Agent Evaluation
Test, measure, and improve AI agent performance systematically
Agent Evaluation
Build comprehensive testing and evaluation frameworks for AI agents
TL;DR
You can't improve what you don't measure. Create benchmark suites (standard tasks, edge cases, adversarial tests), run your agent against them, and track metrics: success rate, time, quality score. Compare across agent versions to catch regressions.
What You'll Learn
- Designing agent evaluation benchmarks
- Measuring task completion and quality
- Testing agent robustness and safety
- Continuous evaluation in production
Tech Stack
| Component | Technology |
|---|---|
| Testing | pytest + custom |
| Metrics | Custom framework |
| Tracing | LangSmith |
| Monitoring | Prometheus |
Evaluation Framework
┌─────────────────────────────────────────────────────────────────────────────┐
│ AGENT EVALUATION PIPELINE │
├─────────────────────────────────────────────────────────────────────────────┤
│ │
│ ┌─────────────────────┐ ┌─────────────┐ ┌───────────────────────┐ │
│ │ BENCHMARKS │ │ │ │ METRICS │ │
│ │ │ │ │ │ │ │
│ │ • Task Suite │ │ │ │ • Success Rate │ │
│ │ (standard tests) │───►│ AGENT │───►│ • Efficiency (time) │ │
│ │ • Edge Cases │ │ │ │ • Quality Score │ │
│ │ (boundary tests) │ │ │ │ • Safety Checks │ │
│ │ • Adversarial │ │ │ │ │ │
│ │ (attack tests) │ │ │ │ │ │
│ └─────────────────────┘ └─────────────┘ └───────────┬───────────┘ │
│ │ │
│ ▼ │
│ ┌──────────────────────────┐ │
│ │ ANALYSIS │ │
│ │ │ │
│ │ • Reports (MD, JSON) │ │
│ │ • Regression Detection │ │
│ │ • Version Comparison │ │
│ │ • Failure Analysis │ │
│ └──────────────────────────┘ │
│ │
└─────────────────────────────────────────────────────────────────────────────┘Project Structure
agent-evaluation/
├── src/
│ ├── __init__.py
│ ├── benchmarks/
│ │ ├── __init__.py
│ │ ├── task_suite.py # Standard tasks
│ │ ├── edge_cases.py # Edge case tests
│ │ └── adversarial.py # Adversarial tests
│ ├── metrics/
│ │ ├── __init__.py
│ │ ├── success.py # Success metrics
│ │ ├── efficiency.py # Cost/time metrics
│ │ └── quality.py # Output quality
│ ├── evaluator.py # Main evaluator
│ └── reporter.py # Results reporting
├── tests/
├── benchmarks/ # Benchmark data
└── requirements.txtImplementation
Step 1: Setup
openai>=1.0.0
langchain>=0.1.0
pytest>=7.0.0
pandas>=2.0.0
numpy>=1.24.0
langsmith>=0.0.60
pydantic>=2.0.0
rich>=13.0.0Step 2: Benchmark Definition
"""
Benchmark definitions for agent evaluation.
"""
from dataclasses import dataclass, field
from typing import Optional, Callable, Any
from enum import Enum
class Difficulty(Enum):
EASY = "easy"
MEDIUM = "medium"
HARD = "hard"
class Category(Enum):
RESEARCH = "research"
REASONING = "reasoning"
CODING = "coding"
WRITING = "writing"
MATH = "math"
MULTI_STEP = "multi_step"
@dataclass
class BenchmarkTask:
"""A single evaluation task."""
id: str
name: str
description: str
input: str
expected_output: Optional[str] = None
validation_fn: Optional[Callable[[str], bool]] = None
category: Category = Category.REASONING
difficulty: Difficulty = Difficulty.MEDIUM
max_time_seconds: int = 60
required_tools: list[str] = field(default_factory=list)

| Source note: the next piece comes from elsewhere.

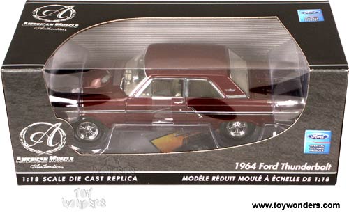 39486BG ERTL American Muscle Authentics - 1964 Ford Thunderbolt Hard Top. 1:18 scale diecast collectible model car. This Ford is a 10.75"Lx 3.75"Wx 3"H die cast metal with openable hood, doors & trunk. Realistic headlights and tailights, highly polished electro-plated chrome parts, realistic hnges on doors, and removable hood pins. This 1964 Ford is manufactured by RC2 brands Authentics. Individually packed in a window box. Box size: 13.75"Lx 6.25"Wx 5.75"H. 39486 in BURGUNDY color.

metadata: dict = field(default_factory=dict)
@dataclass
class BenchmarkResult:
"""Result of running a benchmark task."""
task_id: str
success: bool
output: str
time_seconds: float
tokens_used: int
tool_calls: int
error: Optional[str] = None
score: float = 0.0 # 0-1 quality score
class BenchmarkSuite:
"""Collection of benchmark tasks."""
def __init__(self, name: str):
self.name = name
self.tasks: list[BenchmarkTask] = []
def add_task(self, task: BenchmarkTask) -> None:
self.tasks.append(task)
def get_by_category(self, category: Category) -> list[BenchmarkTask]:
return [t for t in self.tasks if t.category == category]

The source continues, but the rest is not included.